Teroris Menarget Polisi

Jumat, 15 Jan 2016 | 13:31 | Muhammad Takdir
WinNetNews.com - Kapolri Jenderal Badrodin Haiti menegaskan, target utama teroris yang beraksi di kawasan Thamrin, Jakarta Pusat Kamis (14/1) kemarin adalah kepolisian. Bahkan pihaknya mengaku telah menyampaikan hal ini pada markas-markas kepolisian yang ada di lapangan.

"Target utama memang kepolisian. Kenapa kami jadi target, karena kami yang selama ini menghalangi dan menangkap mereka," ujar Badrodin di RS Polri, Kramat Jati, Jakarta Timur, Jumat (15/1).

Saat ini pihaknya telah bergerak untuk melakukan upaya pengejaran maupun penangkapan yang terkait dengan kasus ledakan kemarin. "Biarkan polisi bekerja. Kalau sudah jelas, pelaku sudah jelas, nanti pasti diinformasikan," tegasnya.

Ia pun meminta pada awak media, jika ada info berkembang yang tidak jelas sumbernya agar tidak dimuat. Sebab banyak orang yang kemudian membagikan info bahwa polisi sudah menangkap, bahkan bilang ada ancaman di sejumlah tempat. "Media harus cek langsung ke polisi," imbuhnya.

 

Badrodin juga tak membantah jika para pelaku ini terkait dengan kelompok Sumedang, Jawa Barat. Namun pihaknya mesti melakukan pemeriksaan seperti DNA terduga pelaku dengan pihak keluarganya di Sumedang.

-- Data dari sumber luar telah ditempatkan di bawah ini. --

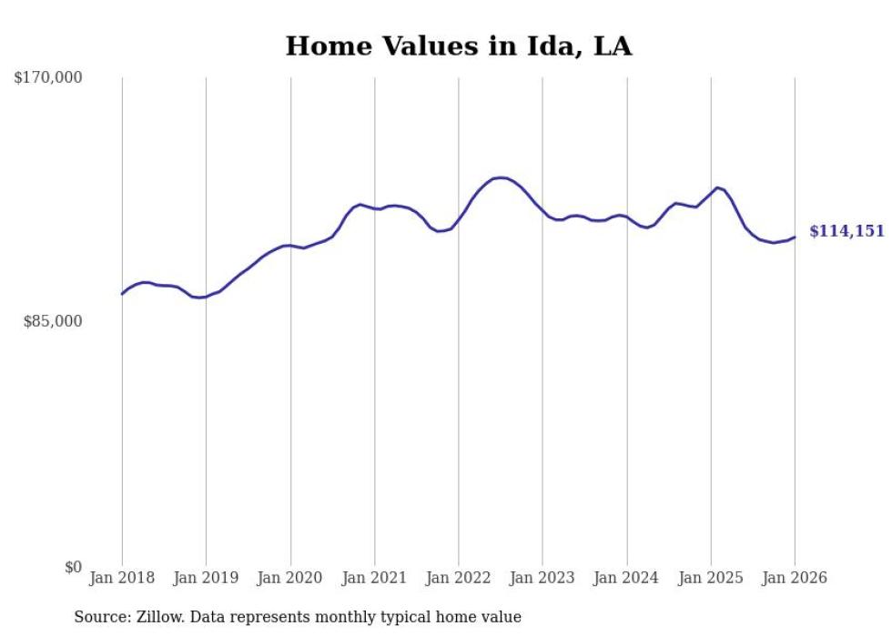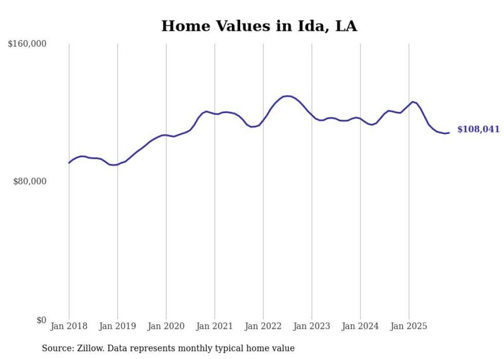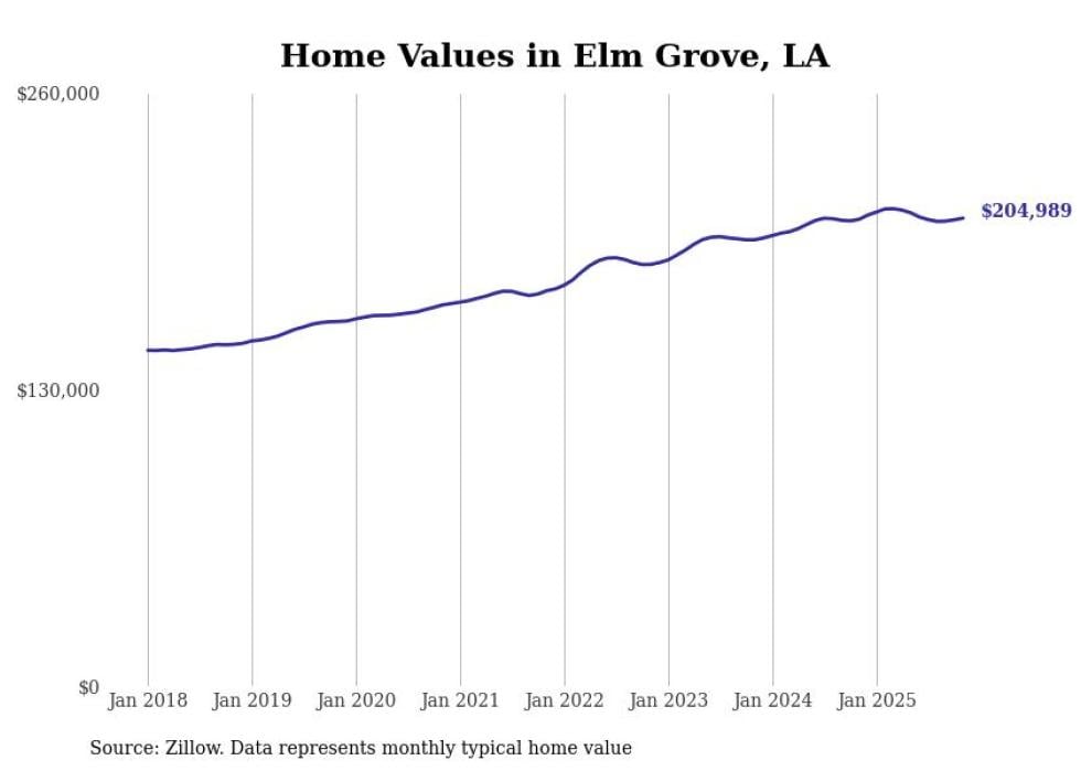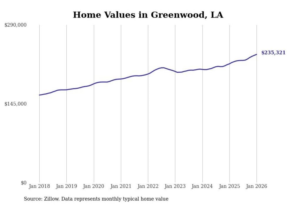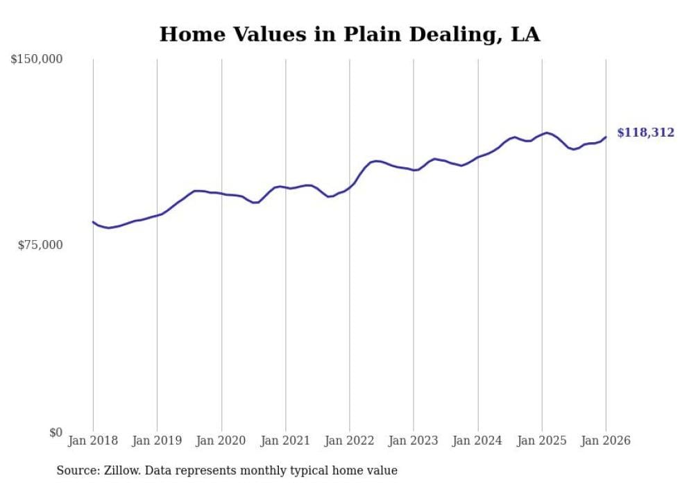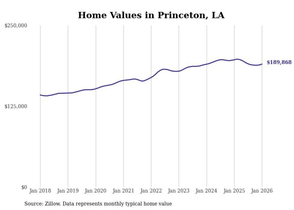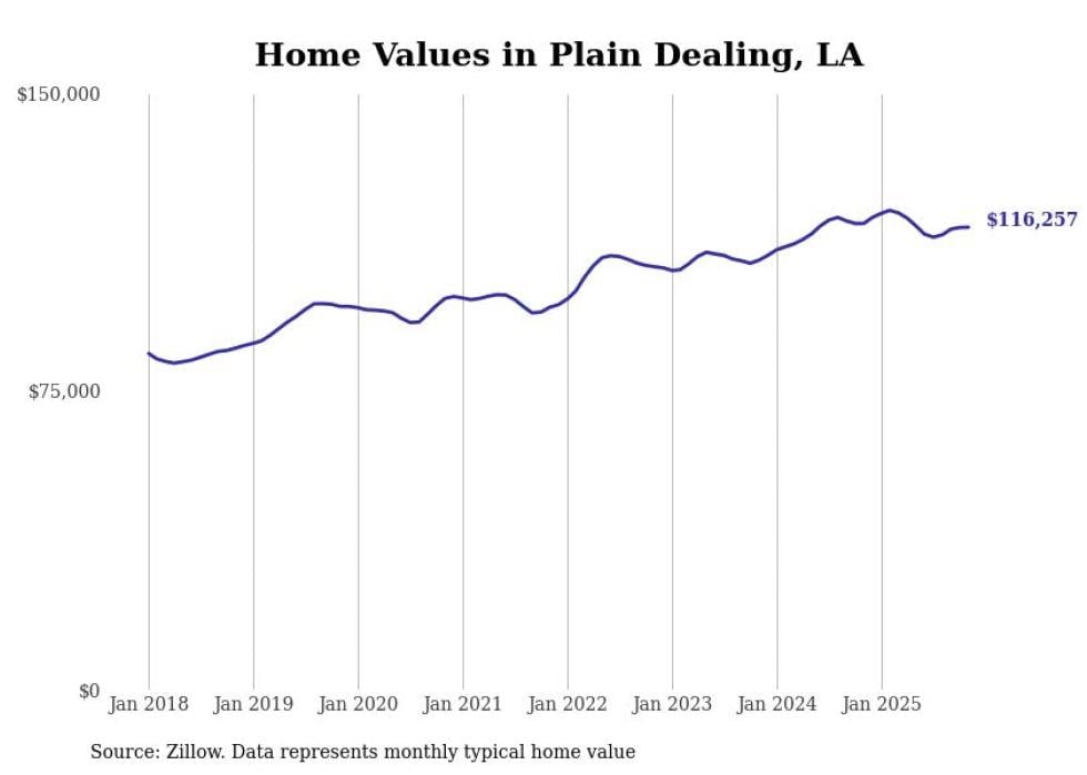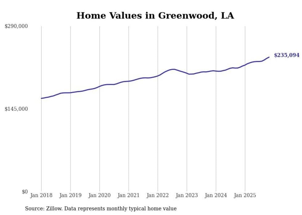 Stacker compiled a list of cities with the most expensive homes in the Shreveport metro area using data from Zillow. Charts show the monthly typical home value since January 2018. All 19 cities and towns with data available were included in the list.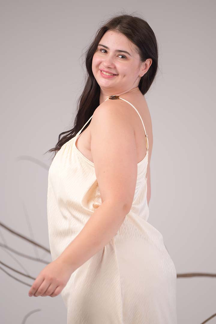 AXTZH Relaxed Fit Satin Midi Nightdress X5013-IVORY-F2S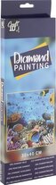 Diamont paiting (haft diamentowy / mozaika diamentowa), to są po prostu przyklejanie diamencików jednego po drugim za pomocą pisaka do pasujących numerów na szablonie motywu. Gotowy obrazek ma wymiary 40 x 30 cm i jest zadrukowany pięknym wzorem podwodnego świata.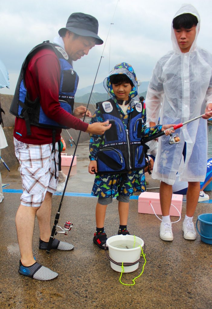 海洋高生と京都府磯釣連合会会員らは、参加者の様子や上がる魚の種類に目を配りながら、餌をつけたり、魚を網ですくって針をはずすなど介助に取り組んだ。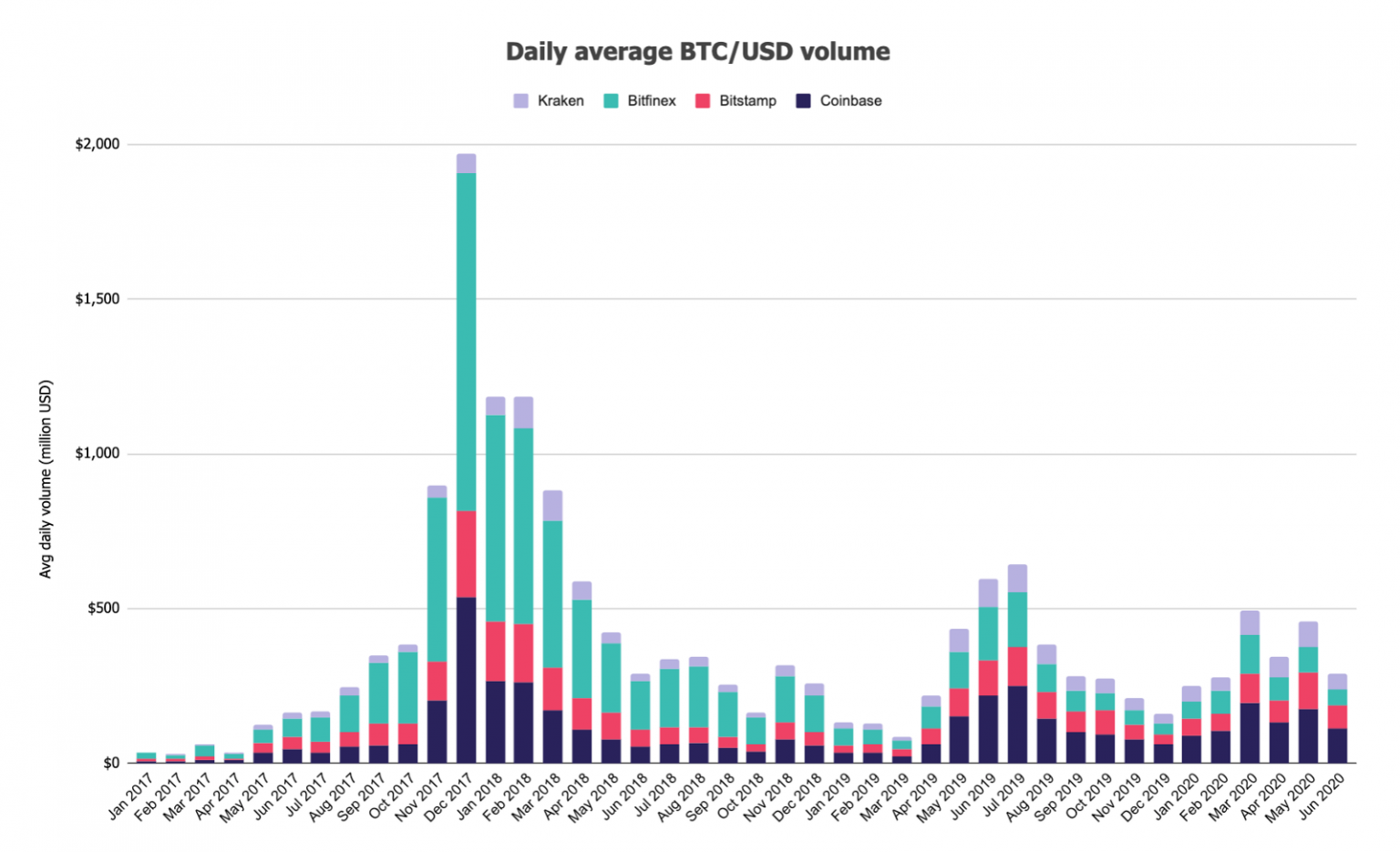 В марте 2020 года суточные обороты в паре BTC/USD на вышеперечисленных биржах достигли $492 млн. К июню показатель упал до $291,3 млн, что на 36% меньше, чем в мае.
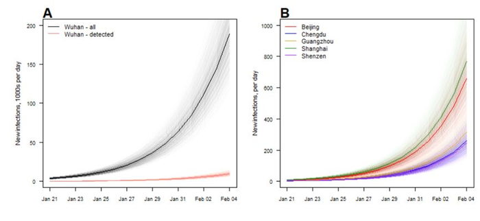 谈到这么远,那么这次发现的2019新冠状病毒传播力现在可以根据目前的流行学数据获得了吗?还真有,早在1月17日,武汉疫情还没有引起广泛关注的时候,世界卫生组织传染病建模合作中心(WHO Collaborating Centre for Infectious Disease Modelling)、英国帝国理工学院MRC全球传染病分析中心(MRC Centre for Global Infectious Disease Analysis)发表报告称,他们推断,截至2020年1月12日,武汉新型冠状病毒感染患者预计达1723例(预测区间427-4471),数量远大于当时通报的病例数量。但是今天(1月27日)公布的湖北病例数是1423,考虑到还有疑似病人未被筛查出来,增额数据还是有值得参考的价值的。这种推测病例数的数学模型至少有一定的实际估算作用。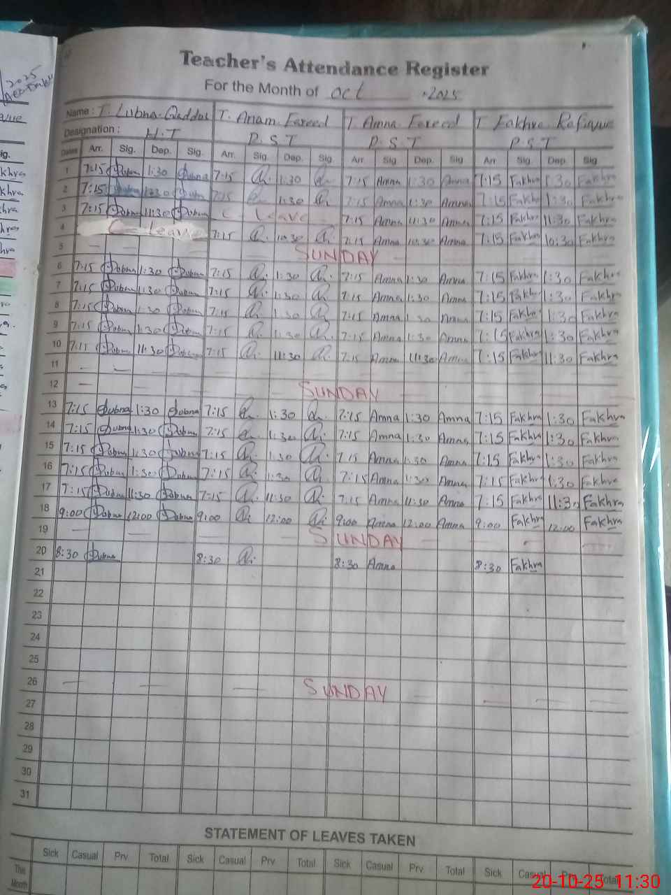 | Leave | Duty | Absent | Maternity | Medical | Ex- Pak |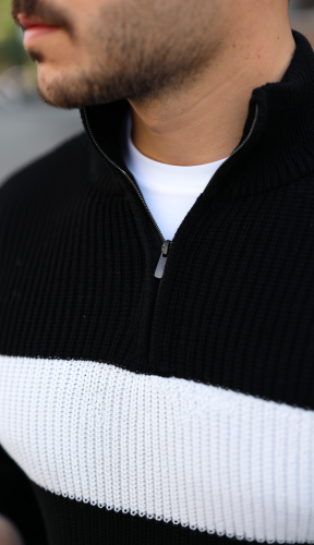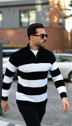 • Erkek Şerit Renk Desenli Zip Yaka Kazak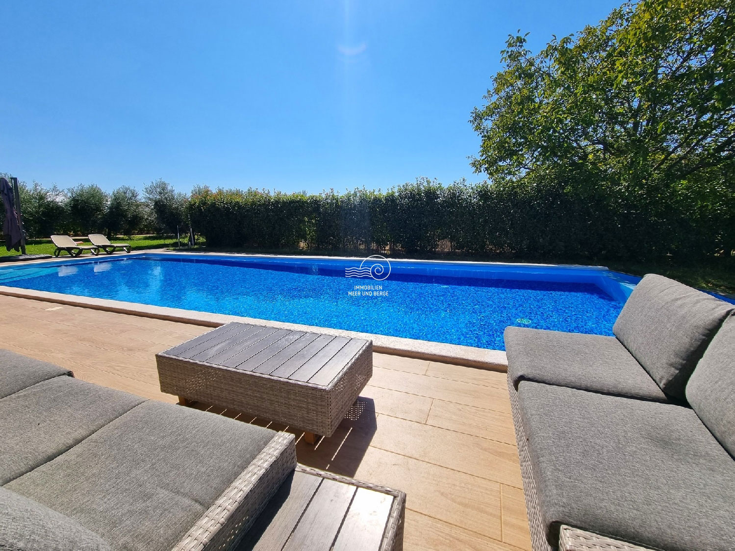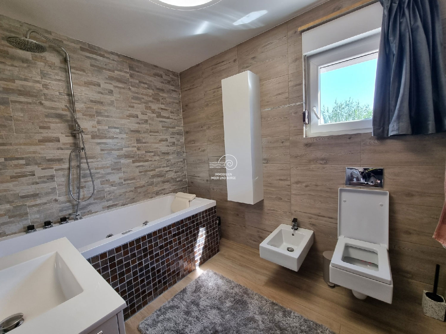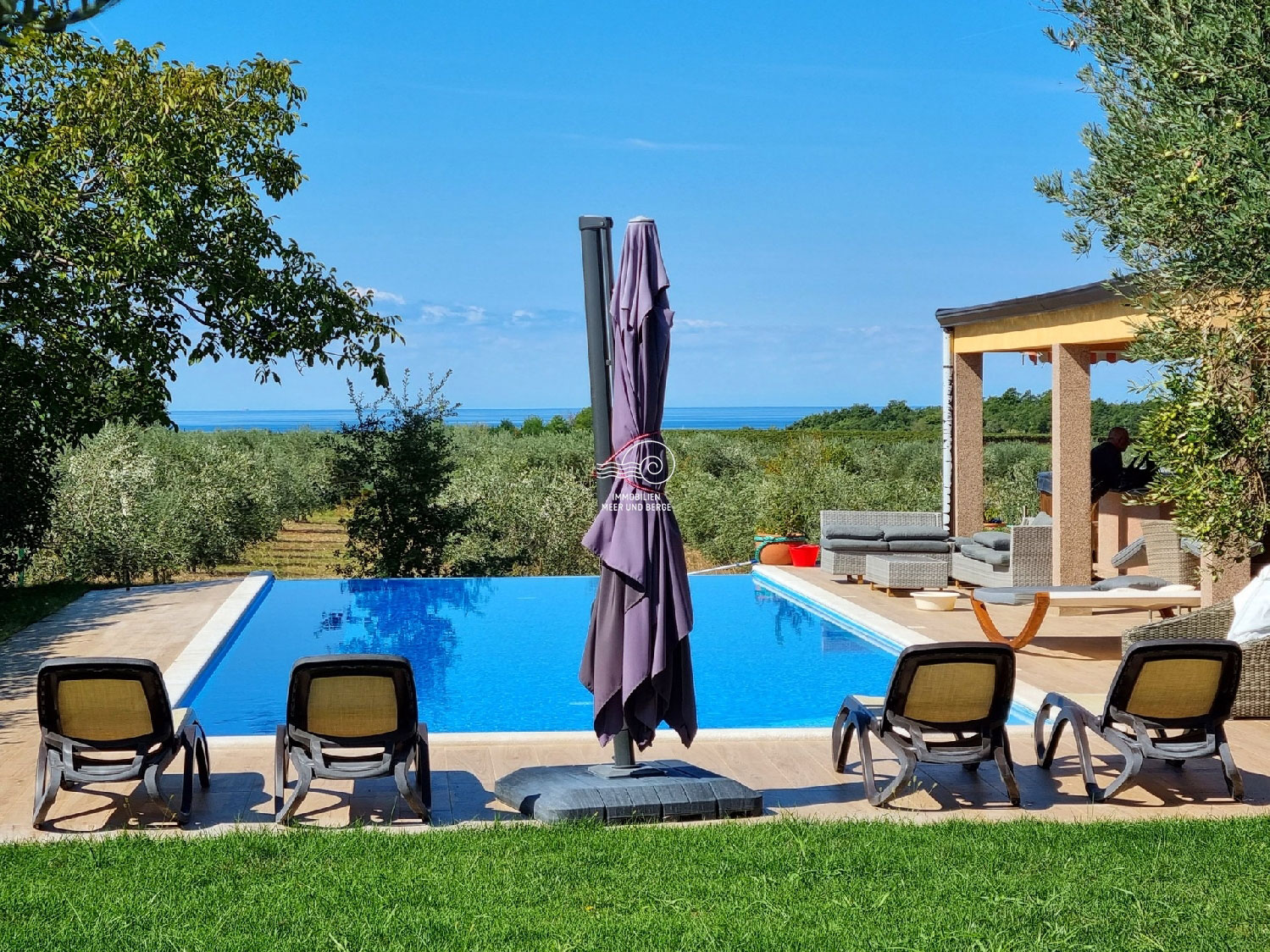 Zum Verkauf steht eine luxuriöse Villa in Novigrad mit Meerblick, einem Pool mit Meerwasser, einem Whirlpool und Blick auf die Olivenhaine. Sie befindet sich in einer sehr ruhigen Umgebung, wo Ihnen Ruhe und Privatsphäre garantiert sind! Geeignet für Tourismus oder privat. Definitive Rendite der Investition! Der Eingang besteht aus einer Küche mit Essbereich und einem großen Empfangsbereich mit einem bezaubernden Blick. Die Küche ist vom italienischen Hersteller und komplett ausgestattet. Es gibt auch einen Abstellraum, ein Badezimmer mit Duschkabine und ein Schlafzimmer mit Zugang zum Garten. Das zweite Schlafzimmer bietet eine wunderschön eingerichtete Umgebung mit Blick auf den Pool, ein Badezimmer und eine Jacuzzi-Badewanne. Durch das Haus und den Hof erstreckt sich spezielle Beleuchtung. Der 50 m2 große Keller ist eine Wellnessoase mit Saunen und einem Ruhebereich. Die Terrasse ist überdacht und hat etwa 45 m2 mit einem herrlichen Blick auf den 102 m2 großen Pool (17m x 6m). Im Hof befinden sich 42 alte Olivenbäume, die wunderschön beleuchtet sind. Die Rasenflächen verfügen über ein Bewässerungssystem. Es gibt einen privaten Eingang zum Grundstück mit Alarm und automatischer Öffnung

‪‪"Kami pastikan mereka jaringan ISIS (Islamic State of Iraq and Syria). Dugaannya memang itu juga (terkait kelompok Sumedang), tapi harus dicek lanjut. Keluarganya di Sumedang akan kami ambil darah untuk mencocokkan," imbuhnya.‬‬

Selain para pelaku, pihaknya juga akan melakukan pengejaran dan penangkapan terhadap orang-orang yang membantu atau memfasilitasi aksi para teroris. "Andaikan bukan pelaku tentu yang terkait harus dilakukan pengejaran dan penangkapan. Pasti itu ada orang-orang yang membantu di belakang, siapa yang membeli, siapa yang berusaha merakit, siapa yang memfasilitasi, apakah itu bukan pelaku?" tandasnya.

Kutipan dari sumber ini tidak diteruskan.